On Thursday, 24 January 2013 at 17:12:49 UTC, Sean Kelly wrote:
On Jan 24, 2013, at 5:58 AM, "monarch_dodra" <[email protected]> wrote:

On Thursday, 24 January 2013 at 13:45:18 UTC, David Nadlinger wrote:
On Thursday, 24 January 2013 at 10:57:26 UTC, Stephan wrote:
So my first question is: Where does the LinkTerminated Exception come from, when the only functions from std.concurrency that I use are "spawn" and "receiveOnly".

To track this down, what about looking at the std.concurrency source and placing a breakpoint at the appropriate line in MessageBox.get()?

David

Yeah, I've been playing with std.concurrency too lately, and getting random bugs. I'll try to formalize them into formal requests.

BTW: Question: Is "LinkTerminated" a priority message? I've been avoiding using SpawnLinked because I've been unable to effectively end my workers. Maybe I just suck though...

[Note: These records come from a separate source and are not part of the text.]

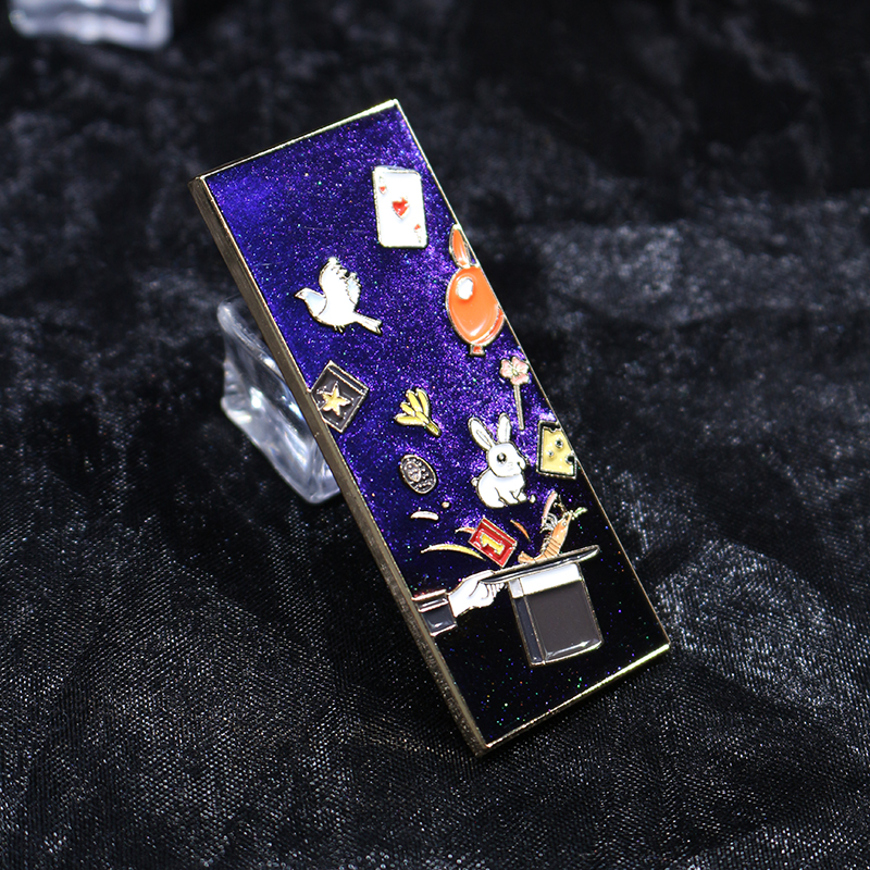 This is a magic-themed cat eye soft enamel pin. The image features a magician’s hands and a top hat, from which elements such as a white rabbit, carrot, playing cards (Ace of Hearts), a white dove, balloons, star-shaped cubes, and flowers “conjure” themselves, creating the illusion of a spectacular magic show. It’s full of imagination.
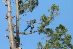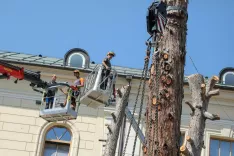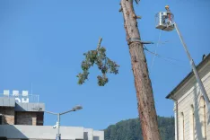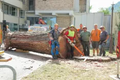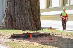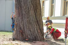 Kranj – Okoli 110 let star mamutovec (orjaška sekvoja), ki zaradi poškodovanega koreninskega sistema ni mogel več samostojno stati in so ga pokonci držale le še jeklenice, zasidrane v stavbo bližnje gimnazije Kranj, so minulo soboto, kot napovedano, odstranili. Zahteven posek 33 metrov visokega drevesa z obsegom debla 6,20 metra je izvedlo specializirano kranjsko podjetje Gozdar Kne, gozdarske storitve, ki se z zahtevnimi poseki ukvarja že več kot tri desetletja. Njegov lastnik Andrej Kne je povedal, da so les posekanega mamutovca tudi odkupili oziroma so za njegovo vrednost delno kompenzirali svojo storitev.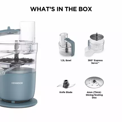 Big ideas start small, that's why with MultiPro Go you can prepare all your favourite recipes without sacrificing on space and performance. This punchy food processor can chop, slice, grate and serve direct to your plate, all within a footprint that's small enough to store on your kitchen worktop or in a drawer. FOOD PROCESSOR: All of your food prep needs covered in a ultra-compact footprint and unique design with Kenwood MultiPro Go FDP22.130GY PREPARE DELICIOUS DISHES: Use this food processor for different preparations. It is great for chopping, slicing, grating, pureeing and even kneading dough. From salsa and snacks to pizza dough, it has powerful versatility ULTRA COMPACT DESIGN: It is always ready to go and stores in your kitchen drawer CAPACITY: 0.75L main bowl liquid working capacity FUNCTIONS: This food processor includes 1 speed and pulse function. It has 4 attachments including: express serve - limitless slicing grating direct to your plate/pan, 1.3L bowl, knife blade, 4mm slicing/grating disk Brand Kenwood Model Number FDP22.130GY Colour Grey Product Dimensions 15.8 x 15.8 x 29.7 cm; 1.94 kg Number of Speeds 1 Special Features Adjustable Speed Control Item Weight 1.94 kg 360 Express Serve™ SLICE AND GRATE DIRECT TO THE PLATE Save time with the Express Serve™ attachment. It's perfect for limitless grating and slicing directly onto a serving dish or into a pan - keeping the main bowl clean so you can save on washing up. 30cm tall ULTRA-COMPACT FOR IN DRAWER STORAGE Compact with no complex assembly, easily store on your kitchen worktop, or in a drawer. Always ready to go STACK 'N' STORE All your food prep in one place. No fuss, no clutter. 650W motor POWER AND PRECISION From salsa and snacks to pizza dough, this food processor packs a punch. Chop, slice, grate, purée and even make dough, MultiPro Go has the power to handle it all. Key Features Easy to use Simple sliding speed control conveniently positioned in the handle, with 2 speeds including a pulse function. Limitless Capacity Unleash your food prep potential with limitless Express Serve™ capacity. Plus a compact 1.3L bowl with 0.75L working capacity for everyday chopping. Slice and grate Slice like a kitchen knife and grate like a grater with the MultiPro Go slice and grate disc. Simply drop it on to slice fruit and vegetables or flip it over to grate cheese - the perfect space shaving disc.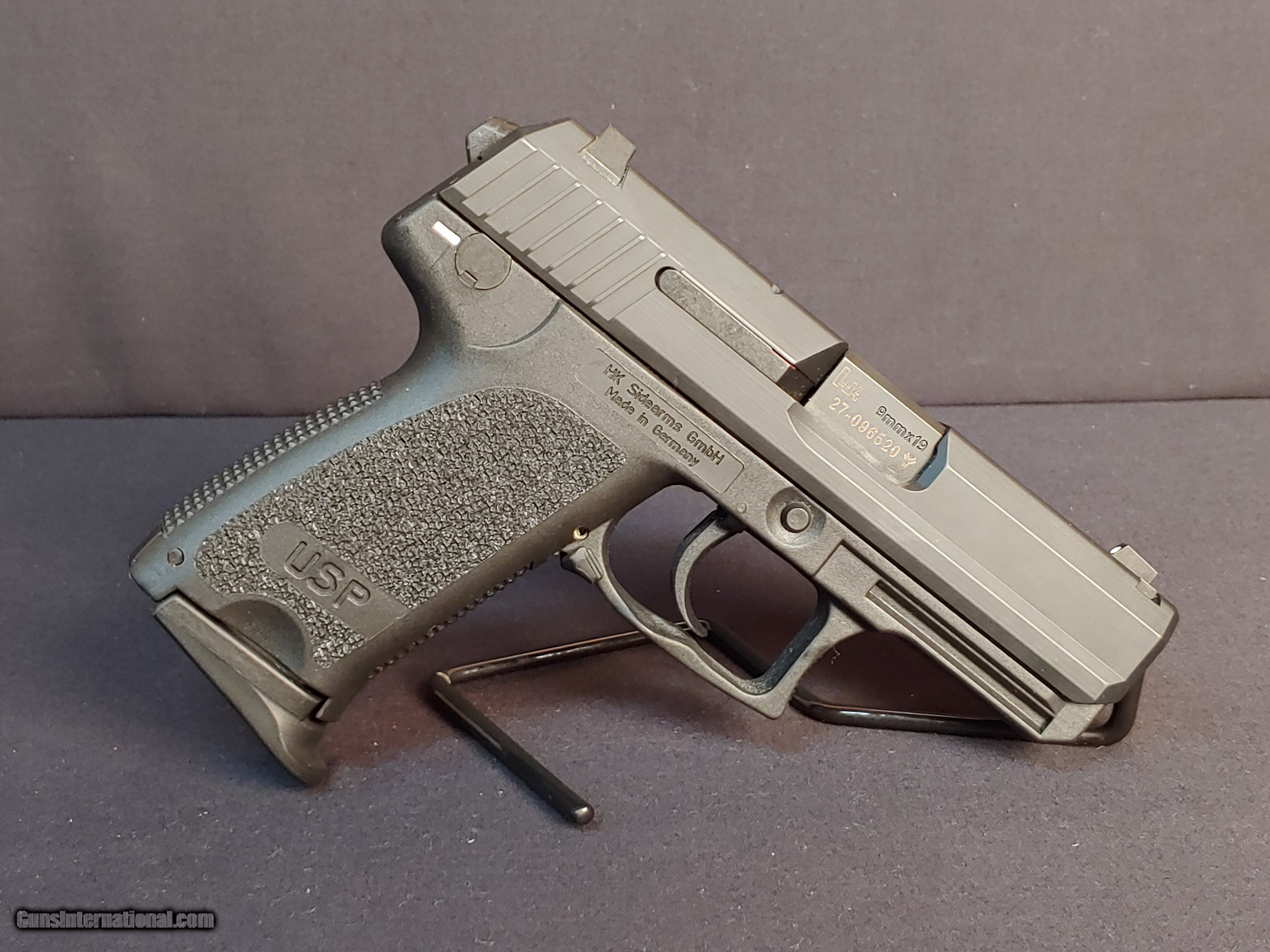 Description: The HK USP Compact is a small frame pistol capable of firing the most powerful cartridges. Based on the full-size USP models, these handy pistols combine compact size with optimum effective shooting performance. USP Compacts are smaller and lighter than large frame USPs. The reduction in trigger reach and grip circumference increases concealability and enhances shooting ergonomics. Unlike some subcompact semiautomatic pistols that use a difficult to shoot "two-finger grip" frame, the USP Compact uses a narrow, full-hand grip frame with a choice of interchangeable extended or flush-fitting magazine floorplates. This makes the pistol easy to shoot without sacrificing concealability. This package comes with two (2) 13 round magazines and the original hard case. The overall condition is excellent with little to no handling marks. Pre-Owned Heckler & Koch USP 9mm Compact 3.5" Handgun

It's a control message. These are messages generated automatically by std.concurrency rather than sent by the user. They live in the normal message queue and so are processed when receive doesn't find a match earlier in the queue. The idea is that if an owner sends a spawned thread a bunch of messages, the spawned thread should have an opportunity to process those messages before receiving an OwnerTerminated message. Making them priority messages would make designing predictable algorithms difficult.

OK. TY.

I'll try to reproduce, but I'm 90% sure my reduced code was this:

//----
void worker(Tid owner)
{
  owner.send(1);
}

void main()
{
    spawnLinked(&worker, thisTid);
    receive(
        (int a){}
    );
}
//----
And it (50% of the time) terminated in a LinkTerminated exception being thrown.

Any quick thoughts? I'll investigate on my end depending on your explanation.